My first idea was to cut and paste the editorial, then find and replace every instance of “undocumented” with “illegal.” (For the record, there is one use of “illegal aliens” and one of “illegals,” but four “undocumented immigrants,” one “undocumented drivers,” and one speculative “the formerly undocumented.”) How differently would the piece read if it referred to “illegal aliens” throughout, along with “unlicensed drivers?”
But then another thought occurred to me. The conceit behind such programs, as I understand it, is to “separate the wheat from the chaff,” to restrict law enforcement to those illegal aliens who are busily committing serious crimes and not go after those whose offenses are lesser — being in the US without permission, identity theft, tax evasion, fraud, and all the other petty offenses necessary to continue living in the United States illegally.
But I was reminded that this was New York, and that brought to mind Rudy Giuliani’s cleaning-up of New York City. One of the things he did that helped tremendously was he ordered his police to go after ALL crimes, not to just focus on the big crimes and let the lesser ones slide.

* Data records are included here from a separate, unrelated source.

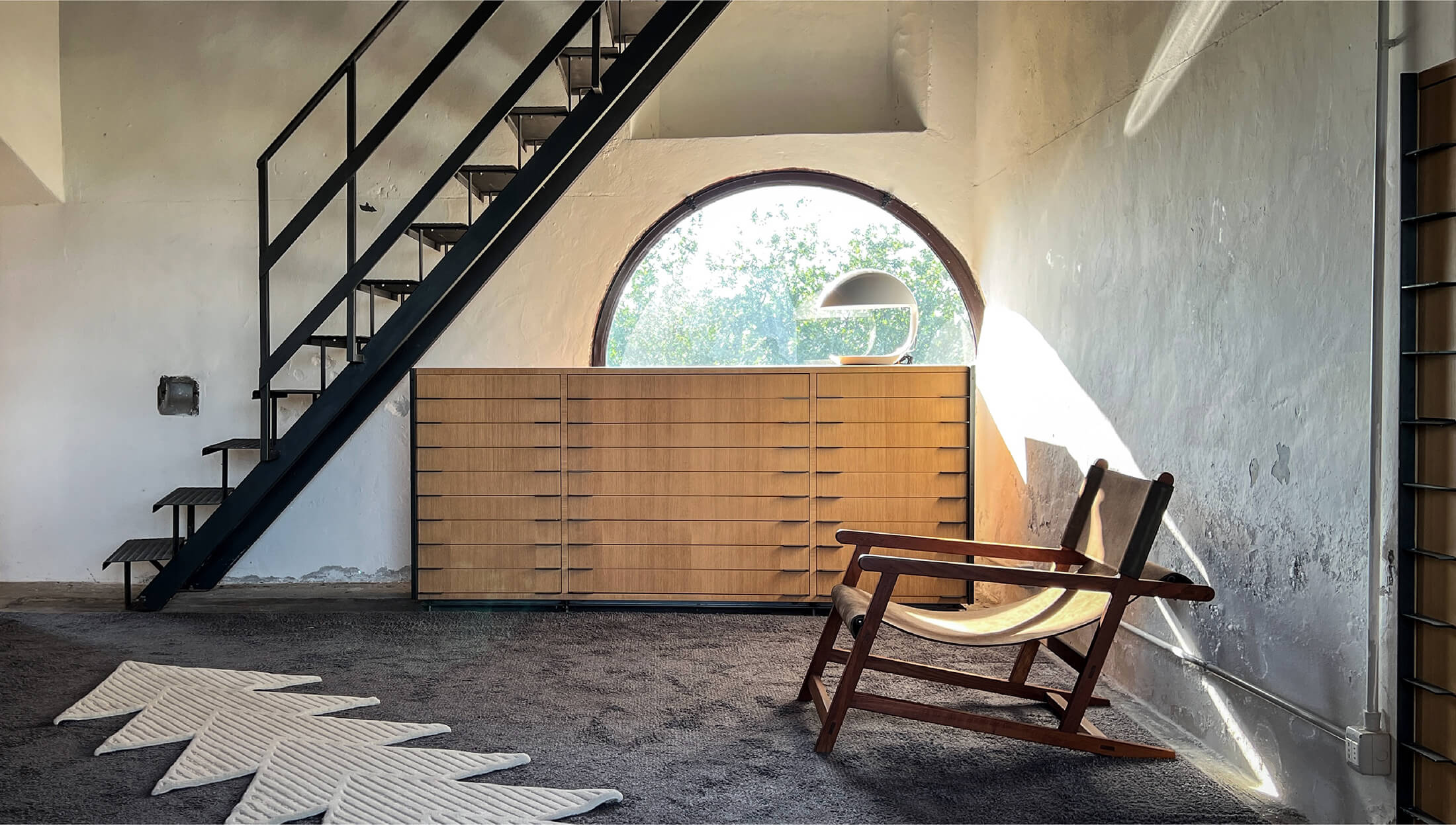 Eclettico mobile per tenere in ordine indumenti o documenti; realizzato in legno di noce. Le maniglie e i profili a protezione degli angoli sono realizzati in acciaio con finitura nickel anticato.
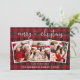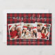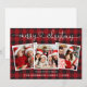 Modern Calligraphy Heart Script Merry Christmas 3 Photo Holiday Card - Red Buffalo Plaid
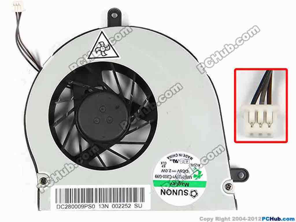SUNON MF60120V1-C200-G99 Cooling Fan DC280009PS0, w30x3x3, 5V 2.0W, Bare, NEW

I wonder if the same sort of approach might help on the issue of illegal aliens. Simply institute an “illegal is illegal” policy, and see how that works.

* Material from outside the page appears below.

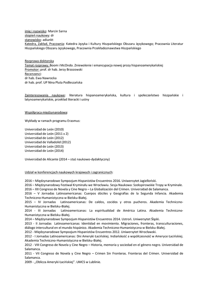 imię i nazwisko: Marcin Sarna stopień naukowy: dr stanowisko: adiunkt Katedra, Zakład, Pracownia: Katedra Języka i Kultury Hiszpańskiego Obszaru Językowego; Pracownia Literatur Hiszpańskiego Obszaru Językowego, Pracownia Przekładoznawstwa Hiszpańskiego Rozprawa doktorska Temat rozprawy: Boom i McOndo. Zniewolenie i emancypacja nowej prozy hispanoamerykańskiej Promotor: prof. dr hab. Jerzy Brzozowski Recenzenci: dr hab. Ewa Nawrocka dr hab. prof. UP Nina Pluta Podleszańska Zainteresowania naukowe: literatura hispanoamerykańska, kultura i społeczeństwo latynoamerykańskie, przekład literacki i ustny hiszpańskie i Współpraca międzynarodowa: Wykłady w ramach programu Erasmus: Universidad de León (2010) Universidad de León (2011 x 2) Universidad de León (2012) Universidad de Valladolid (2012) Universidad de León (2013) Universidad de León (2014) Universidad de Alicante (2014 – staż naukowo-dydaktyczny) Udział w konferencjach naukowych krajowych i zagranicznych: 2016 – Międzynarodowe Sympozjum Hispanistów Encuentros 2016. Uniwersytet Jagielloński. 2016 – Międzynarodowy Festiwal Kryminału we Wrocławiu. Sesja Naukowa: Szekspirowskie Tropy w Kryminale. 2016 – XII Congreso de Novela y Cine Negro – La Globalización del Crimen. Universidad de Salamanca. 2016 – V Jornadas Latinoamericanas: Cuerpos dóciles y Geografías de la Segunda Infancia. Akademia Techniczno-Humanistyczna w Bielsku-Białej. 2015 – IV Jornadas Latinoamericanas: De caldos, cocidos y otros pucheros. Akademia TechnicznoHumanistyczna w Bielsku-Białej. 2014 - III Jornadas Latinoamericanas: La espiritualidad de América Latina. Akademia TechnicznoHumanistyczna w Bielsku-Białej. 2014 – Międzynarodowe Sympozjum Hispanistów Encuentros 2014. Ustroń. Uniwersytet Śląski. 2013 - II Jornadas Latinoamericanas: Identidad en movimiento. Migraciones, fronteras, transculturaciones, diálogo intercultural en el mundo hispánico. Akademia Techniczno-Humanistyczna w Bielsku-Białej. 2012 - Międzynarodowe Sympozjum Hispanistów Encuentros 2012. Uniwersytet Wrocławski. 2012 - I Jornadas Latinoamericanas: Dni Ameryki Łacińskiej. Indiańskość a współczesność w Ameryce Łacińskiej. Akademia Techniczno-Humanistyczna w Bielsku-Białej. 2012 - VIII Congreso de Novela y Cine Negro – Historia, memoria y sociedad en el género negro. Universidad de Salamanca. 2011 - VII Congreso de Novela y Cine Negro – Crimen Sin Fronteras. Fronteras del Crimen. Universidad de Salamanca. 2009 - „Oblicza Ameryki Łacińskiej”. UMCS w Lublinie. Kontakt: tel. + 48 12 662-60-64; nr pokoju 459, ul. Podchorążych. e-mail: [email protected] Publikacje : Książki: 1. Boom i McOndo. Wokół nowej prozy hispanoamerykańskiej, Wydawnictwo Naukowe Uniwersytetu Pedagogicznego, Kraków 2017 (w przygotowaniu) 2. Polska iberystyka: skąd pochodzimy, kim jesteśmy, dokąd zmierzamy? (red.), Wydawnictwo Naukowe Uniwersytetu Pedagogicznego, Kraków 2016 (w przygotowaniu) Artykuły: 1. 2. 3. 4. 5. 6. 7. 8. 9. 10. 11. 12. 13. 14. 15. 16. 17. 18. 19. 20. 21. “Dirección: Norte. Migrar entre la realidad y la literatura” (w druku) “Ritos de violencia en Roberto Bolaño” (w druku) “Investigar crimenes imprecisos. El caso autoficcional de Alberto Fuguet” (w druku) “Territorios Bolaño: Latinoamérica vs. Europa” [w]: Wilk-Rasieńska, Joanna; Kobiela Kwaśniewska, Marta; Lyszczyna Jacek (eds.), “Relecturas y nuevos horizontes en los estudios hispánicos, Vol 1., Literatura (poesía y narrativa), Wydawnictwo Uniwersytetu Śląskiego, Katowice 2016, ISBN 978-838012-669-5 “Posibles miradas en torno a la frontera norte mexicana” [w]: Jastrzębska A.S. (coord.), “Identidad en movimiento. Fronteras, migraciones y dialogo intercultural en el mundo hispanico”, Wydawnictwo Naukowe ATH, Bielsko-Biała, 2014,ISBN 978-83-63713-95-9 “Exorcismos del pasado y retos del presente. Historia y sociedad latinoamericanas a través del género negro y sus proximidades” [w]: “Historia y cultura de España y América Latina en las fuentes literarias, documentales y artísticas”, Wydawnictwo Uniwersytetu Wrocławskiego, Wrocław 2014, ISBN: 978-83229-3434-0 “Tonalidades del crimen. Un recorrido sin piedad por América Latina”, [w]: Javier Sánchez Zapatero; Álex Martín Escribá (eds.), “Historia, memoria y sociedad en el género negro. Literatura, cine, televisión y cómic”, Andavira Editora, 2013, ISBN: 978-84-8408-696-3 “Un crimen sin límites. El caso mexicano”, [w]: Javier Sánchez Zapatero; Álex Martín Escribá (eds.), “El género negro. El fin de la frontera”, Andavira Editora, 2012, ISBN: 978-84-8408-648-2 „O McOndo”, CURARA. Pismo latynoamerykanistów UJ, nr 9, wiosna 2007; ISSN 1898-0848 „O Wstydzie”, CURARA. Pismo latynoamerykanistów UJ, nr 9, wiosna 2007; ISSN 1898-0848 „Konfabolaño”, CURARA. Pismo latynoamerykanistów UJ, nr 9, wiosna 2007; ISSN 1898-0848 „Miasto przypałów”, CURARA. Pismo latynoamerykanistów UJ, nr 9, wiosna 2007; ISSN 1898-0848 „Materia pożądania i śmierć na ulicy Unzueta”, CURARA. Pismo latynoamerykanistów UJ, nr 9, wiosna 2007; ISSN 1898-0848 „Przyjaźń od pierwszego wejrzenia, czyli romans przeszłości z teraźniejszością”, CURARA. Pismo latynoamerykanistów UJ, nr 9, wiosna 2007; ISSN 1898-0848 „Prawdziwa fikcja”, CURARA. Pismo latynoamerykanistów UJ, nr 9, wiosna 2007; ISSN 1898-0848 „Fidel tuż obok”, CURARA. Pismo latynoamerykanistów UJ, nr 9, wiosna 2007; ISSN 1898-0848 „Przez piekło do raju”, Jorge Franco, „Paraíso Travel”, CURARA Pismo latynoamerykanistów nr 8, Wrzesień 2006; ISSN 1898-0848 „Wycieczka osobista”, Alberto Cousté, „Julio Cortázar”, CURARA Pismo latynoamerykanistów nr 8, Wrzesień 2006; ISSN 1898-0848 „Pro-Sábato”, Ernesto Sábato, „O bohaterach i grobach”, CURARA Pismo latynoamerykanistów nr 8, Wrzesień 2006; ISSN 1898-0848 „Starsi przyjaciele dwaj”, Ángel Es

I once read a novel that quoted Chairman Mao about insurgents — they must swim like fish among the sea of peasants. The idea was that insurgents/terrorists/rebels should blend in with the civilian populace, invisible and drawing strength from them, until they strike — and then fade back into the background.

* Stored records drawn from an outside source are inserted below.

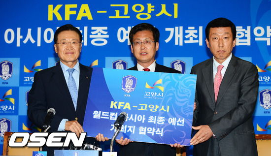 이 자리에는 조중연 회장과 최성 고양시장, 그리고 최강희 국가대표팀 감독이 참석한 가운데 오는 6월 12일 예정된 2014브라질월드컵 아시아 최종예선 2차전 레바논전을 고양시에서 개최하기로 합의하고 양해각서(MOU)를 체결했다./ rumi@osen.co.kr
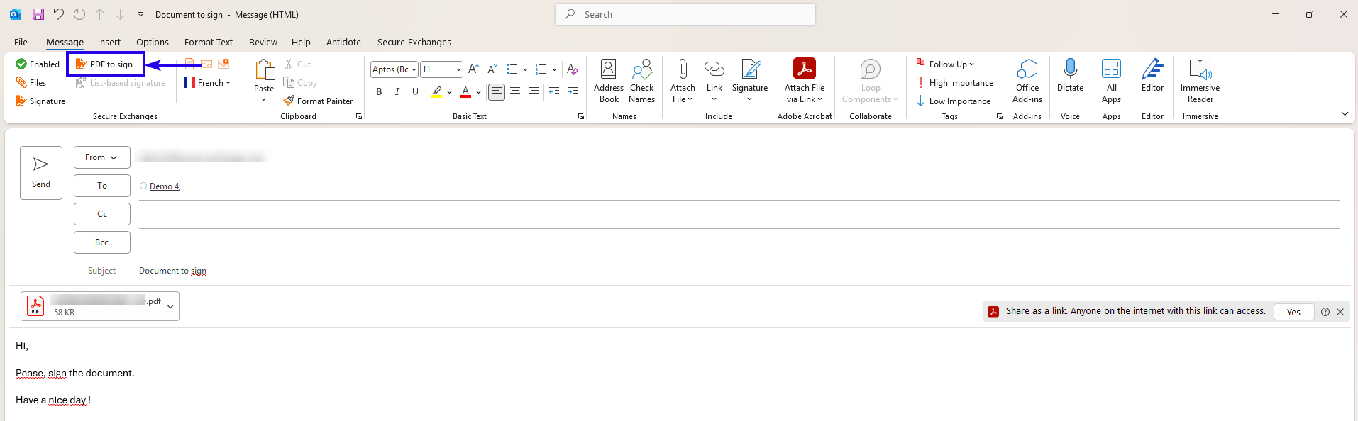 Sign a document in Microsoft Outlook using Secure Exchanges
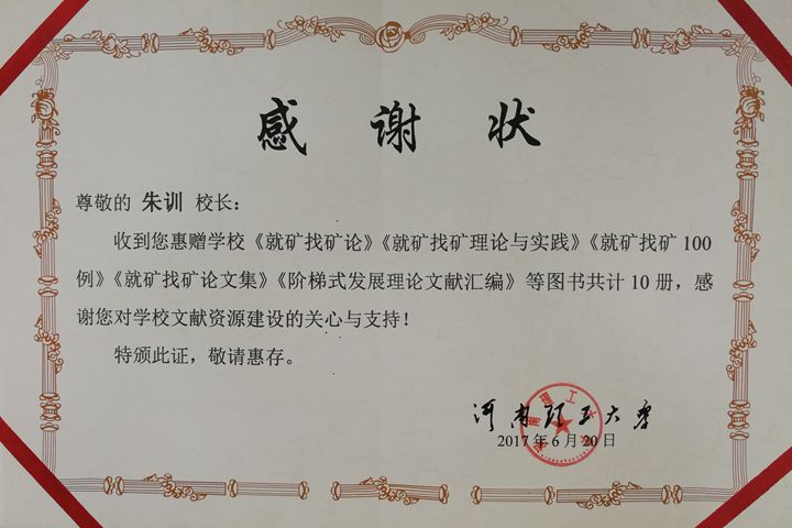 朱老此次捐赠的《就矿找矿丛书》为2016年6月首次出版。该套丛书共四本,包括《就矿找矿论》《就矿找矿的理论与实践》《就矿找矿论文集》《就矿找矿100例》。丛书凝聚了朱老找矿哲学和阶梯发展理论的思想精华,是一套完整的地质学理论体系,是对找矿哲学思维的深刻阐发,是对马克思主义哲学理论的具体运用与发展,对找矿突破战略行动具有重大的实践意义,更是一部为后人留下的博大精深的找矿经验典籍。

The solution the character in the novel used was to “drain the pond” — he rounded up whole groups of people and drove them across his borders into the nations of his neighbors. It was a win-win-win-win for him — he got rid of dissidents and potential dissidents, weakened his neighbors as they had to care for the refugees, it provided him with a ready path for sending infiltrators and trouble-makers into those nations, and then had a ready-made justification for overthrowing those governments when they failed to take care of those people.
The plan, as executed by General Belewa, was grotesquely cruel and inhumane, and helped eventually to his defeat. But the core of the idea is solid — so many of the serious criminals among the illegal aliens draw their support — willingly or not — from the general community of illegal aliens.
We already have a ready-made justification for draining the pond of illegal aliens — they’re here illegally, let’s send them home. And as the water drops, the bigger fish will be exposed and end up flopping around, making them easier to find.
The beauty of the plan is that it isn’t overly vulnerable to the “perfection fallacy” — “there’s no way we can deport all 12/15/20/30 million illegal aliens!” My normal response is “well, we certainly can’t if we don’t try.” But in this case, we don’t need to get rid of all of them — just a significant portion ought to put a dent in the real problem ones. And it wouldn’t require any new laws — just enforcement of existing ones.
Which is why I don’t expect it to go anywhere. It’s too simple, too fair, too common-sensical. It’s doomed as national policy.